Background Food insecurity is strongly associated with subjective well-being. People compare their well-being to a subjective reference that adjusts over time, which is called hedonic adaptation. Objective We aimed to deepen understanding of the relation between food insecurity and subjective well-being among countries from the perspective of possible hedonic adaptation between food insecurity and subjective well-being. Methods Global data from the Gallup World Poll 2014 were collected from 152,206 individuals in 147 countries. Telephone and face-to-face surveys were conducted in 37 and 111 countries, respectively, collecting data on law and order; food and shelter; institutions and infrastructure; job climate; and financial, social, physical, and evaluative well-being, including the Food Insecurity Experience Scale.

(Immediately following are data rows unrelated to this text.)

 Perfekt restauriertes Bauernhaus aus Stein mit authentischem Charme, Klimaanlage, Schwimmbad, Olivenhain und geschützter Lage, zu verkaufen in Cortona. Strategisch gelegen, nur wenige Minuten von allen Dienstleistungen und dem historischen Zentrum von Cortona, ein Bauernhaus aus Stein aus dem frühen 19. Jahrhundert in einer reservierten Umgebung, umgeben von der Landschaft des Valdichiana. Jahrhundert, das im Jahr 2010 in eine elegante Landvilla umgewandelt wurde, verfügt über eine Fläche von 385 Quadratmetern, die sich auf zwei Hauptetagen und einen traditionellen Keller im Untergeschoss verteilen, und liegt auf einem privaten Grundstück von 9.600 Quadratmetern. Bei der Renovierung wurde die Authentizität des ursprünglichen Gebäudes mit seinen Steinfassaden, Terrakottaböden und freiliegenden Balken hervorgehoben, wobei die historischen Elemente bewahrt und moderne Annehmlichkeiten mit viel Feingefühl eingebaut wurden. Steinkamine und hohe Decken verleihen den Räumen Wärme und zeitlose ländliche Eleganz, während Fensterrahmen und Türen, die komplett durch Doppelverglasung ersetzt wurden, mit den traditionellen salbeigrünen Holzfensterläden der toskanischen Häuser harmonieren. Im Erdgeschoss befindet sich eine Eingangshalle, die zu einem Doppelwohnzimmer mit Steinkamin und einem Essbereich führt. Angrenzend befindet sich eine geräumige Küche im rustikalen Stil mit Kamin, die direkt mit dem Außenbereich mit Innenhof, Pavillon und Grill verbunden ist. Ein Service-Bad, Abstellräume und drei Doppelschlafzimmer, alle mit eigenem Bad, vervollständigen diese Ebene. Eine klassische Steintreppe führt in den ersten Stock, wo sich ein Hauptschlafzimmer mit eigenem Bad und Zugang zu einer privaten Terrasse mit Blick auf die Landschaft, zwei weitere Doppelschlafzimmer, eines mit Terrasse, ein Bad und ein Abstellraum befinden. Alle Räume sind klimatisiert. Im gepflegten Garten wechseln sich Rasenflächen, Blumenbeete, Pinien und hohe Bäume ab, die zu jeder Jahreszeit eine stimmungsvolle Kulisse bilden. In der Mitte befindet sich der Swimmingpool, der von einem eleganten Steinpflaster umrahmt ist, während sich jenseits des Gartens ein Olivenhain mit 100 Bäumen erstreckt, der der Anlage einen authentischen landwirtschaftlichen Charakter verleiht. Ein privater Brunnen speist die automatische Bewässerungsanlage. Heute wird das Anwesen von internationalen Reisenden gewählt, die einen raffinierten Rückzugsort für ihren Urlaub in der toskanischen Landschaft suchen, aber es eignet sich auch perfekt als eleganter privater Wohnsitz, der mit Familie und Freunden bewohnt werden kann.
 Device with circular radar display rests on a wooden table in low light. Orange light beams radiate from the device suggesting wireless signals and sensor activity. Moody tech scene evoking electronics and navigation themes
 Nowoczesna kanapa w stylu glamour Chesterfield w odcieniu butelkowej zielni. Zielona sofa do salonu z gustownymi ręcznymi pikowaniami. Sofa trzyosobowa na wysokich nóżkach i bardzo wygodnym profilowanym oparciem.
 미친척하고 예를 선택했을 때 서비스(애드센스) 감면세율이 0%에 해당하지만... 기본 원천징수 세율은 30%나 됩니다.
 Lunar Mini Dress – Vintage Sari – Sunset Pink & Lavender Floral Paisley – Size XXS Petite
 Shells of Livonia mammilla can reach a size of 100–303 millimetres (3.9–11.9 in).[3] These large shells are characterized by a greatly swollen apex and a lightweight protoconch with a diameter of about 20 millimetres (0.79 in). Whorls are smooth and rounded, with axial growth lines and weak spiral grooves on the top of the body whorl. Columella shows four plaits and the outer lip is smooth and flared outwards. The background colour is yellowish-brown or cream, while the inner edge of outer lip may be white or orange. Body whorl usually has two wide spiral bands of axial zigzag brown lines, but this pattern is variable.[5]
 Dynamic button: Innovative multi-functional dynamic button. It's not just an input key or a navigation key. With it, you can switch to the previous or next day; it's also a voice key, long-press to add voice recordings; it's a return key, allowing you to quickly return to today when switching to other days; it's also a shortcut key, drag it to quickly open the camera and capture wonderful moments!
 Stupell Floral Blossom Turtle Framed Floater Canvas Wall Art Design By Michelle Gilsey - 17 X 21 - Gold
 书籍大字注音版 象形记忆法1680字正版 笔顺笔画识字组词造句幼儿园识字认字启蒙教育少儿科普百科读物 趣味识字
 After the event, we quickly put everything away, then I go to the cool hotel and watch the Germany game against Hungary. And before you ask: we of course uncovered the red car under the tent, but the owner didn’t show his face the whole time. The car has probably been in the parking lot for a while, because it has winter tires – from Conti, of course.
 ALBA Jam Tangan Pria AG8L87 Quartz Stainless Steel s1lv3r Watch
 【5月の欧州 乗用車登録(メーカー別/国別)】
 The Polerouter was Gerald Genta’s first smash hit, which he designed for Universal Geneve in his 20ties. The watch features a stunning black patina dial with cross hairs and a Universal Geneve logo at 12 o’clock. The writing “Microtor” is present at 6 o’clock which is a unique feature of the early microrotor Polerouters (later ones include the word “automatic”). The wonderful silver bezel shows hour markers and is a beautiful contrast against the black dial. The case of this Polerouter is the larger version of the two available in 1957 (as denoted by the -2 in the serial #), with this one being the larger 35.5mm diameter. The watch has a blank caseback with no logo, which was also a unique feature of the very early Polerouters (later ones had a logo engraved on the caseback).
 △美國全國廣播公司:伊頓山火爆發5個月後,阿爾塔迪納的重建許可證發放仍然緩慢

Data were aggregated to country level and merged with economic and social measures from World Bank and United Nations sources: infant mortality, gross domestic product, economic inequality, agricultural value added, fertility, maternal mortality, female schooling, and female participation in the labor force. Multilevel linear regression was used to examine associations between well-being and food insecurity. Results Experiencing moderate or severe food insecurity was prevalent among countries, with a mean probability of 0.273 ± 0.220. Countries that were less developed economically and socially had a higher probability of experiencing food insecurity, lower subjective well-being as measured by the daily experience index, and less negative slopes for the relation between daily experience index and food insecurity. Food insecurity was the strongest predictor of daily experience from among the measures of economic and social development. Conclusions The prevalence of food insecurity was strongly and negatively associated with subjective well-being across 147 countries. The association between food insecurity and poor subjective well-being within countries was stronger for more-developed countries, providing evidence of hedonic adaptation between food insecurity and subjective well-being. Food insecurity explained substantial variation in subjective well-being both among and within countries.